Newly released body camera footage shows 13-year-old Adam Toledo in the final moments of his life, running from police down a Chicago alleyway at 2:38 a.m.
An officer, sprinting after him, can be heard on his body camera video yelling, “Stop, right f***ing now.” As Toledo stops and turns to the officer with his hands raised, the officer opens fire. Police said a gun was found a few feet away from the teen. An attorney for Toledo’s family said he wasn’t holding a gun when he was shot, but an attorney for the officer says Toledo was armed.
Toledo’s shooting — which occurred after a police foot chase, a practice the Department of Justice says can be dangerous and lead to compromised judgment — places new scrutiny on the department’s history of using force after chasing suspects.
Chicago Mayor Lori Lightfoot has called for a review of the city’s foot pursuit practices, a request that advocates and oversight groups have recommended for years.
Sarah Yousuf, associate director of city and county policy for the Community Renewal Society, said, “Words don’t really describe how horrific it is that now, a 13-year-old has lost his life, despite the fact that organizations such as ours… have been advocating and fighting for just a policy like a foot pursuit policy which CPD has resisted.”
Frank Chapman, the executive secretary of the National Alliance Against Racist and Political Repression, said, “I think that Lightfoot is late.” He advocates for greater accountability and civilian oversight of policing and noted that Toledo’s death draws parallels with prior Chicago police killings of Black and brown teenagers who were running from police.
Dakota Bright, a 15-year-old freshman at Robeson High School, was killed while running from police in 2012. An autopsy found that a police officer shot him in the back of the head.
The city’s Independent Police Review Authority determined the shooting was “unprovoked and unwarranted” and recommended the officer be fired. The Chicago Police Board, however, cleared the officer of wrongdoing and approved him to return to work.
The Chicago Sun-Times reported that after that decision was issued, Bright’s mother, Panzy Edwards said she broke down crying. She told the publication her first thought was, “My baby died in vain.”
Chapman said that when such similar incidents repeat, “It feels like injustice. It feels like police crimes perpetrated against us with impunity.”
A 2017 report from the Department of Justice found that foot pursuits are “inherently dangerous” and pose risks to both officers and the public because officers can experience fatigue or adrenaline, which can compromise their ability to make sound judgments or use less force as the threat diminishes.
The report wrote of Chicago police, “We found that officers engage in tactically unsound and unnecessary foot pursuits and that these foot pursuits too often end with officers unreasonably shooting someone—including unarmed individuals.”
The Justice Department opened its investigation into the Chicago Police Department after the 2014 death of 17-year-old Laquan McDonald, who was shot and killed by Chicago police officers after running from police who chased him in their cars. Video of the incident shows police shooting McDonald, who was carrying a knife in one hand as he walked down the street.

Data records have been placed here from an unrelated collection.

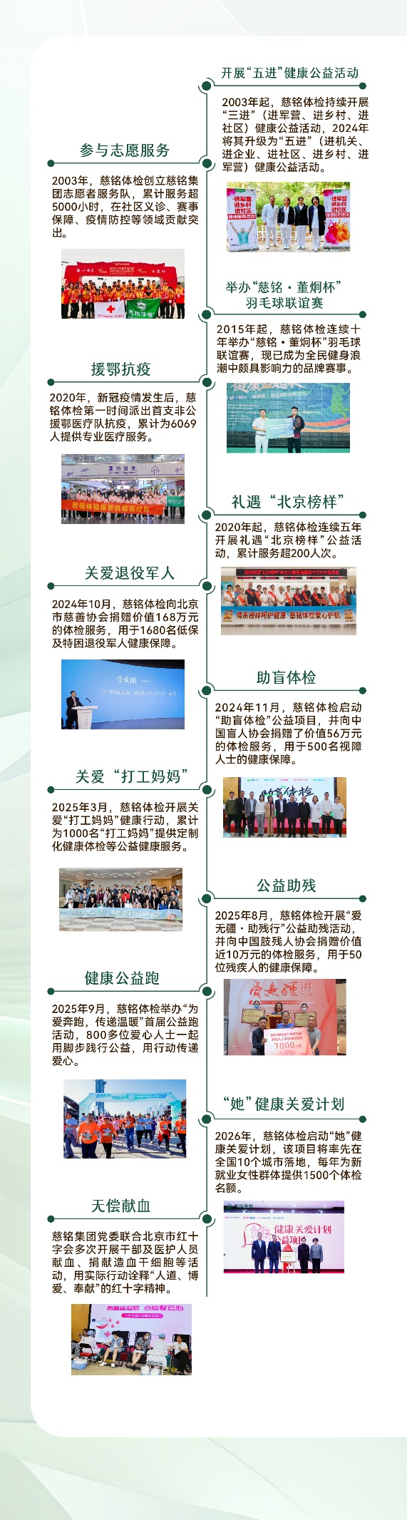 二十四年来,慈铭体检始终牢记“守护中国人的生命健康”的使命,在成为行业知名品牌的同时,积极践行企业社会责任,坚持开展公益事业,累计开展公益活动过千场,不仅为退伍老兵、北京榜样、残障人群、打工妈妈等多群体进行公益体检等健康服务,还将公益服务延伸至贫困地区、病患群体,连续多年捐赠医疗设备,广泛开展献血、捐献造血干细胞志愿活动。
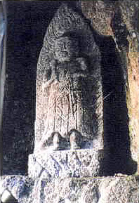 上田上牧町字中島の大戸川沿いにまつられている小さな石仏。この石仏に参れば、虫歯が治るという。
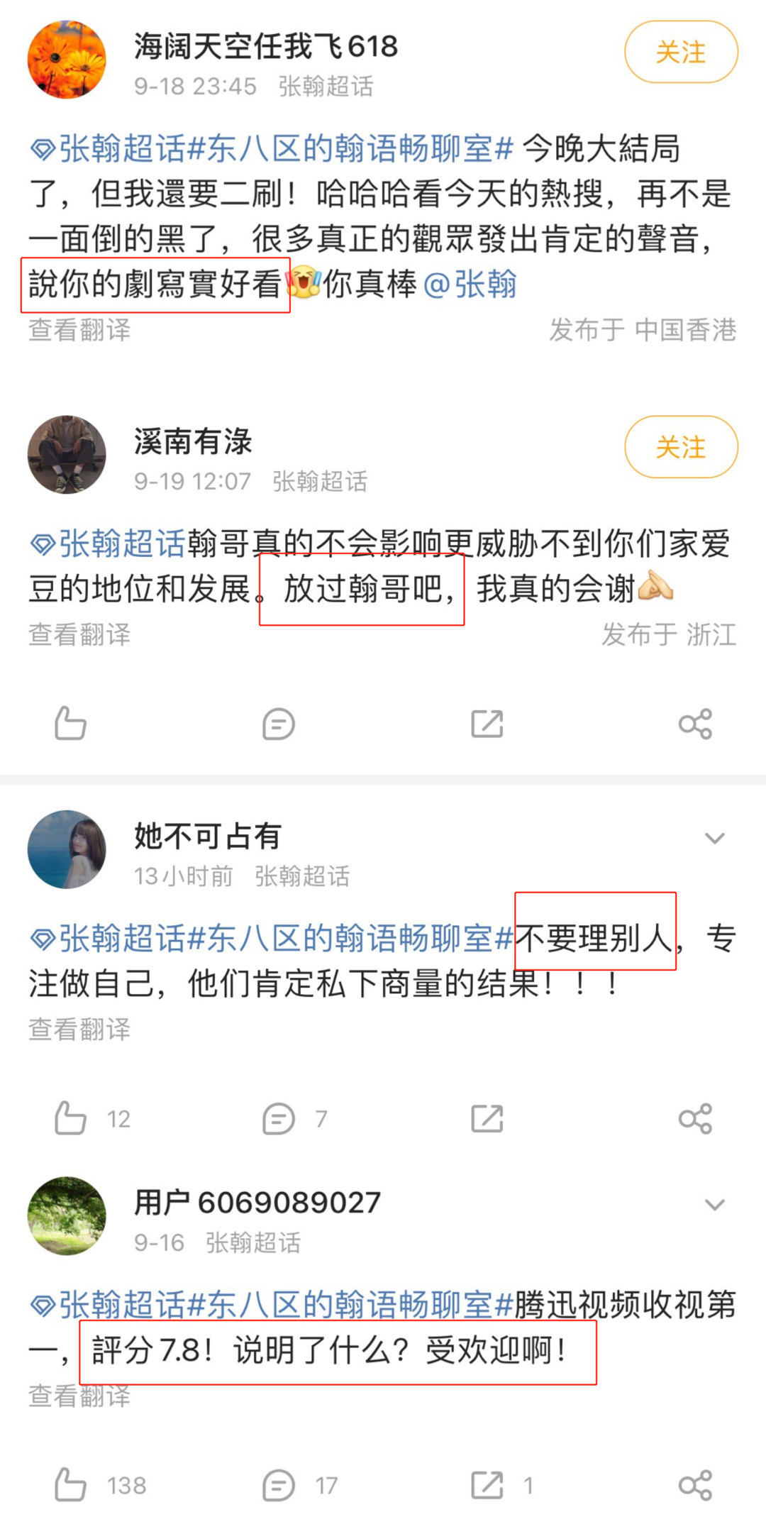 有粉絲説罵張翰的都是為黑而黑,都是斷章取義;有粉絲説張翰寫的劇很好看;有粉絲讓他不要聽外界的聲音,有粉絲求輿論放過張翰;有粉絲説這部劇收視高説明很受歡迎……
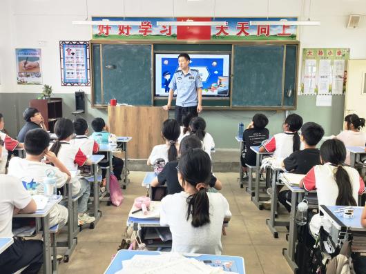 “暑假即将来临,咱们小学生一定要自觉遵守交通法规,过马路要先观察再通过,不要在马路上跑和玩……”6月27日,大孙小学法治副校长、嘉祥县公安局金屯派出所副所长李玉走进大孙小学,面对面宣讲防交通事故、防溺水、防网络沉迷、反邪教、反诈骗等方面的知识,教育引导学生从我做起,从现在做起,争做知法、守法、用法的小公民。
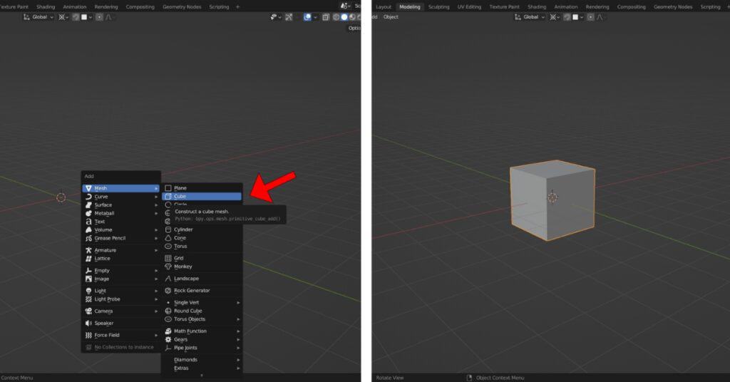 We start with adding a Cube to the viewport(SHIFT+A, If it’s not there for some reason already)

In 2017, the state of Illinois filed a lawsuit against the city of Chicago, saying they wanted to prohibit Chicago police “from engaging in a repeated pattern of using excessive force, including deadly force, and other misconduct that disproportionately harms Chicago’s African American and Latino residents.”
The suit argued that Chicago police officers engaged a “repeated pattern of using deadly force against suspects fleeing on foot who pose no immediate danger to anyone.”
As part of that lawsuit, a judge ordered the city to comply with five years of monitoring by an independent group. The monitoring group said that last year, Chicago police issued a training bulletin and retrained its officers on preferred tactics for foot pursuits.
The monitoring group said that while the training bulletin met requirements, “interviews with officers continue to demonstrate there has not been the requisite buy-in, particularly with officers who have served for longer periods of time.” The monitoring group wrote, “There is a sense that these concepts go against the culture of the organization and will take reinforcement at all levels of the organization.”
The monitor also determined on March 5 that in addition to training, the department should adopt a foot pursuit policy — a recommendation that echoed one made four years ago by the Justice Department.
In its 2017 report, the Justice Department wrote, “CPD has long had detailed policies regarding vehicle pursuits. It does not have a foot pursuit policy. It should. In addition to not having a policy, CPD has not taken corrective action to address problematic foot pursuits. This puts officers and the public in danger and results in unreasonable uses of force.”
The Chicago Police Department’s audit division found that the department conducted on average about seven foot pursuits each day. From March 1, 2020, to December 31, 2020, Chicago police took part in 1,301 foot pursuits, 29% of which resulted in a use of force, the independent monitor found. Of those foot pursuits, 20 resulted in the use of deadly force.
After the independent monitor released its most recent report, the Chicago Police Department said in a statement that while “much work remains to be done,” the department has implemented significant reform measures, including additional in-service training.
The statement said, “The City and CPD remain committed to fulfilling not only the requirements delineated by the consent decree, but to going above and beyond what is outlined toward making the Department a true leader in police reform.”